'Os Sons da Nação', História Política e Social da Música Urbana de Luanda: 1945-2002 - excerto

Introdução

«Em Angola, até o passado é imprevisível.» Christine Messiant

Em maio de 1998, Alberto Teta Lando, um músico e homem de negócios da cidade de Luanda, contou-me que três dos músicos mais populares do final dos anos 1960 e início dos anos 1970 tinham sido mortos pelo governo de uma Angola independente, em 19771. Tinham demasiado poder sobre as pessoas, disse. Teta Lando sugeria que estes músicos eram mais populares e mais conhecidos pelas populações dos musseques de Luanda que os novos líderes do MPLA (Movimento Popular de Libertação de Angola) governante. De facto, os três contam-se entre os milhares de pessoas massacradas na repressão que se seguiu ao alegado golpe contra a liderança do partido, em 19772. Uma guerra civil tinha irrompido depois da independência, em 1975, disputas dentro do partido do governo levaram a uma purga violenta, após esta tentativa de golpe ter sido esmagada. A maior parte das pessoas a quem mais tarde perguntei sobre as mortes dos três músicos afirmou que os homens tinham estado envolvidos com os conspiradores do golpe. Mas foi a sugestão de Teta Lando de que a sua queda estava relacionada com a sua música e com o seu poder enquanto músicos, que me intrigou.

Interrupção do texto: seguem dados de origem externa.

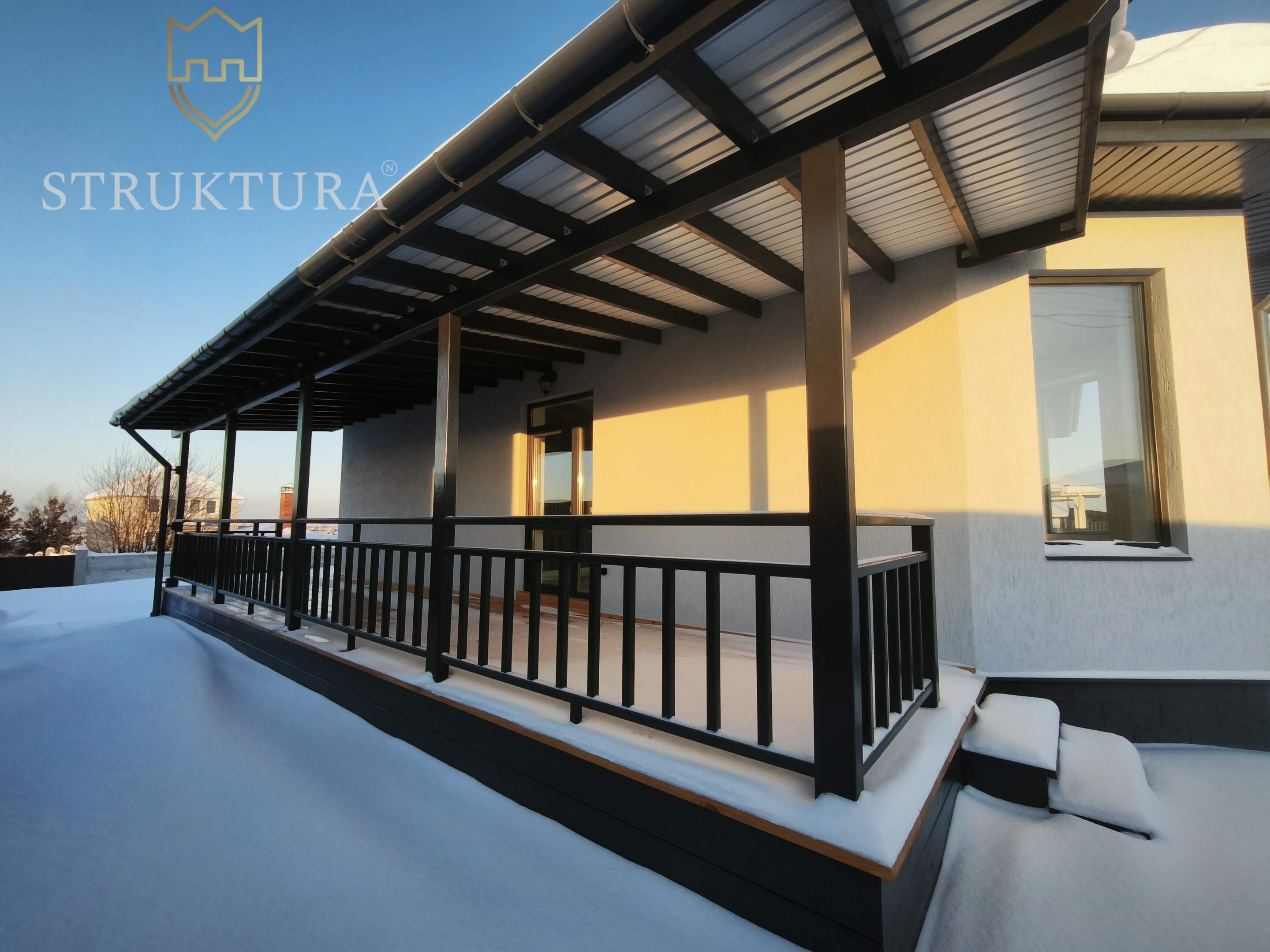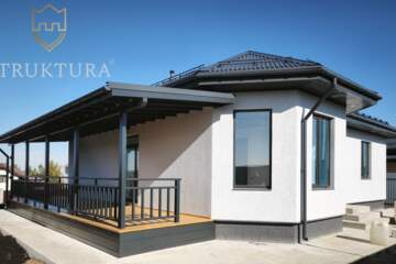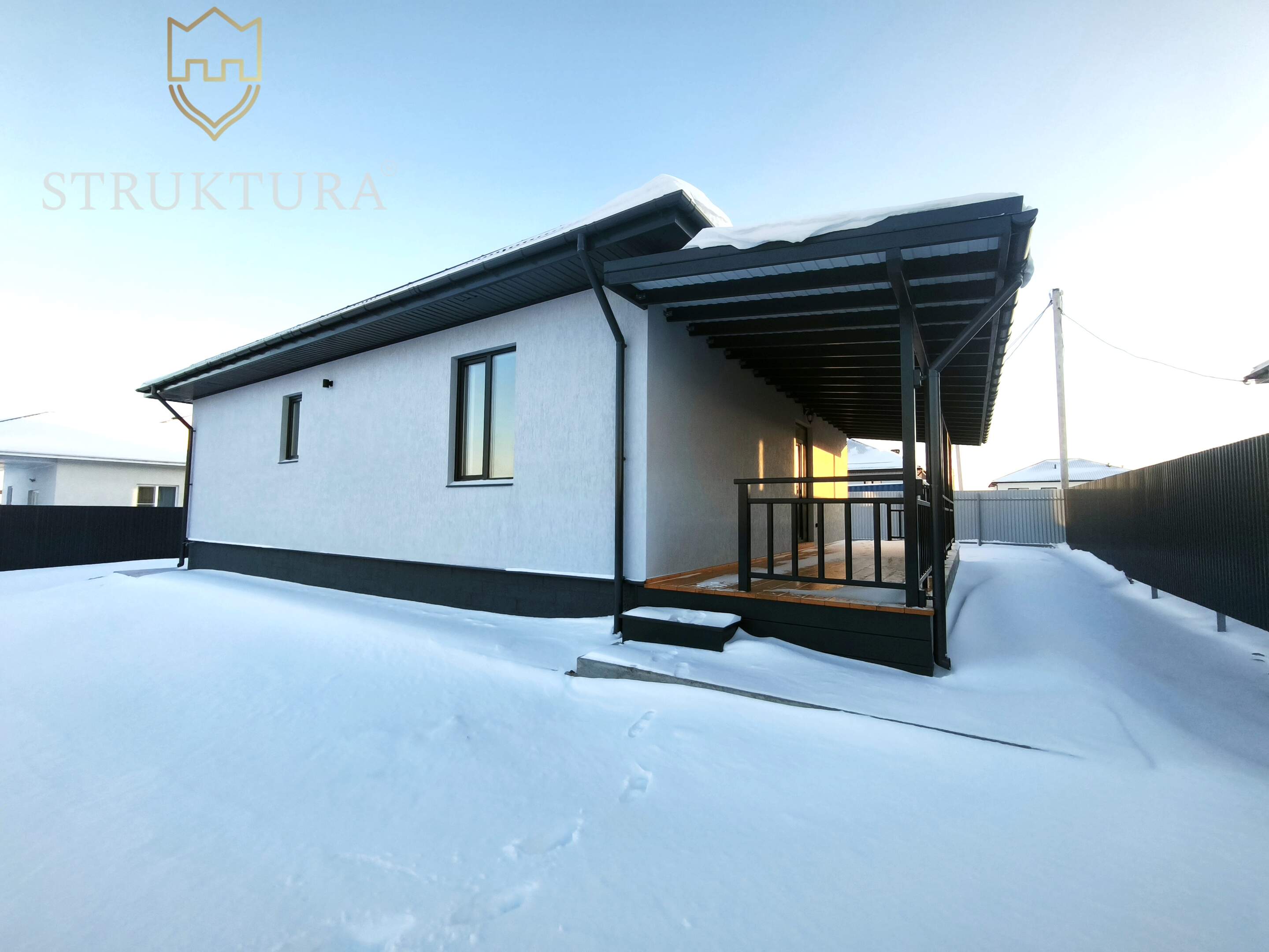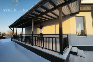 Выйдите наружу, и вас встретит огромная терраса под навесом. Это ваше личное продолжение дома, где можно наслаждаться утренним кофе под пение птиц, проводить летние вечера с бокалом вина, устраивать барбекю с друзьями или просто читать книгу, укрывшись от солнца. Навес гарантирует комфорт в любую погоду.

Alguns meses após essa entrevista, a 8 de Agosto de 1998, Fernando Martins, um jornalista luandense, escreveu na imprensa local que «é anti-patriótico (com todos os excessos que a expressão encerra) ser angolano, ter mais de 15 anos de idade e nunca ter ouvido falar d’Os Kiezos. Talvez fosse mais fácil tolerar alguém que não soubesse o nome do oceano que banha a costa angolana.»3 Os Kiezos foram um conjunto musical formado no final dos anos 1960. Era um dos conjuntos mais populares, se não o mais popular, durante o período em que David Zé, Urbano de Castro e Artur Nunes (os três músicos a que Teta Lando se referia) encontraram também o auge da sua popularidade. A afirmação de Martins apela mais às bases culturais da Nação do que à política do nacionalismo. Humilha o flagelo da política nacionalista, localizando o patriotismo não no campo de batalha ou na arena política, mas nas práticas e sons que permeiam a vida quotidiana, como a música. Preocupa-se com o que torna angolanos os residentes no país. Não basta, sugere Martins, nascer no território. Ser angolano localiza-se para lá da casualidade que é o nascimento e a geografia, no ter ouvido falar neste conjunto musical, mesmo que nunca se tenha ouvido o próprio, e no conhecer o seu estilo de música e o contexto da sua criação e execução. Por outras palavras, a angolanidade incide menos sobre o saber onde nos encontramos geograficamente, e mais sobre onde nos encontramos histórica e culturalmente. E, segundo a apreciação de Fernando Martins, esse local é fundamentalmente definido pela música dos anos 1960 e 1970.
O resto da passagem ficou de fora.